1 Attention ! Dans le but d’anonymiser les décisions en ligne, les initiales ont été remplacées par des lettres qui ne sont pas les initiales du nom. Ainsi, Madame Sanchez, Maire, est remplacée par la lettre K.

 

2 réponses

  1. Arnaud dit :

    Plusieurs réflexions :

    1/ Alain Loëb perd sur toute la ligne, mais il permet à Madame la Rapporteure publique de repréciser la position du Conseil d’État sur la création de site internet.

    « Contrairement au tribunal administratif, elle n’aurait même pas été jusqu’à proposer d’annuler l’élection du maire et des adjoints pour ce motif. »

    La justice est compliquée sur les sites internet, c’est technique. Mais il n’y a avait pas de quoi casser trois pattes à un canard : on a préparé un nouveau site internet (celui-là) pour remplacer l’ancien site totalement caduque et vétuste, et cela n’a rien coûté à la commune.

    Lors de l’élection de la Maire et des adjoints, le trombinoscope qui comportait la mention « adjoint » sous les trombines de M. Pinto et Mme Desabaye a été changé. On a retiré ces mentions à leur demande ! Ils ne voulaient plus, et M. Pinto voulait devenir maire !

    Cette maquette était pour bonne part encore en latin et en anglais (on fait du faux texte pour la mise en page). Et ce site était inconnu du public. J’espère que vous l’appréciez aujourd’hui ?

    2/ M. Alain Loëb introduit une requête contre Madame Sanchez et des conseillers majoritaire au Conseil d’État. Il perd !

    Après plusieurs recours au Tribunal administratif, où il a été débouté, il perd encore dans les plus hautes instances.

    Après 4 recours de l’opposition au TA, à l’heure où l’on examine une réforme de la justice afin de la désengorger, était-il nécessaire d’engager une procédure perdue d’avance ?

    C’est l’argent du contribuable ! Et une justice embouteillée…

    3/ L’affichage sauvage :

    Nous avons des panneaux d’affichage public.

    M. Loëb colle aujourd’hui pour la droite, avait collé pour lui en 2014 sur ces mêmes panneaux, non il n’y a pas d’affichage interdit.

    Pour ce qui est de la campagne en cours, nous avons proposé pour les élections du moment un accord plutôt intelligent pour l’affichage avec M. Jubert : nous prenons la moitié de l’espace à gauche, lui l’autre moitié. Mais nos affiches sont arrachées par son équipe, il ne reste à ce jour que celles de la liste « Jubert-Terlez » à gauche, et celle du RN à droite sur le panneau de la gare.

    Si cet accord, accepté pour Saint-Pierre par le candidat, n’est pas respecté, je n’en blâme pas Daniel Jubert que j’ai en estime. Mais il devrait être mieux entendu de son équipe de campagne.
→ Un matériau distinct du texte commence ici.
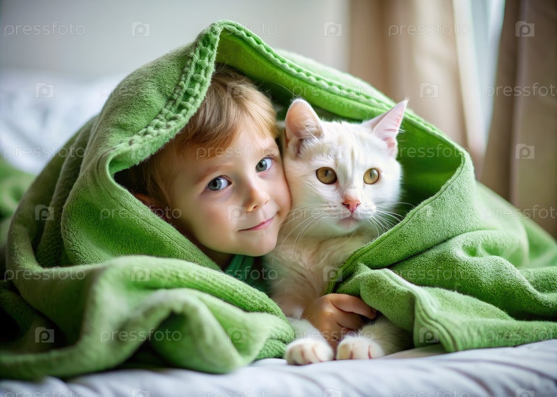 Молодой мальчик и белая кошка, уютные под зеленым одеялом

    4/ S’il n’a que ça à faire, des recours, des recours et encore des recours, cela prend énormément de temps aux élus qui travaillent effectivement sur le terrain, en plus des magistrats.

    Tout ce temps, et tout cet argent, devrait servir à la commune et aux habitants, pas pour nourrir les ambitions électorales de certains.

    5/ M. Loëb a connu une carrière politique des plus « ouvertes » : il est passé au PC, puis au PSU, puis au PS, ensuite PRG, il a adhéré aux verts de 2003 à 2008, et, dès qu’il a été élu, a rendu sa carte. Il milite aujourd’hui pour ce centre droit.

    M. Schwartz disait que seuls les imbéciles ne changeaient pas d’avis. D’accord, parce qu’on peut se tromper. Et M. Loëb s’est beaucoup trompé apparemment.

    Mais jusqu’où s’arrêtera ce changement de ligne politique ?

    6/ Il a perdu. Tout le temps. On fait une pause et on bosse ? Pour la commune et les habitants. Plutôt que vouloir annuler les élections et éliminer la concurrence. Si tant est que nous soyons concurrents…

    Je reste bénévole, j’ai envie d’aider mes concitoyens.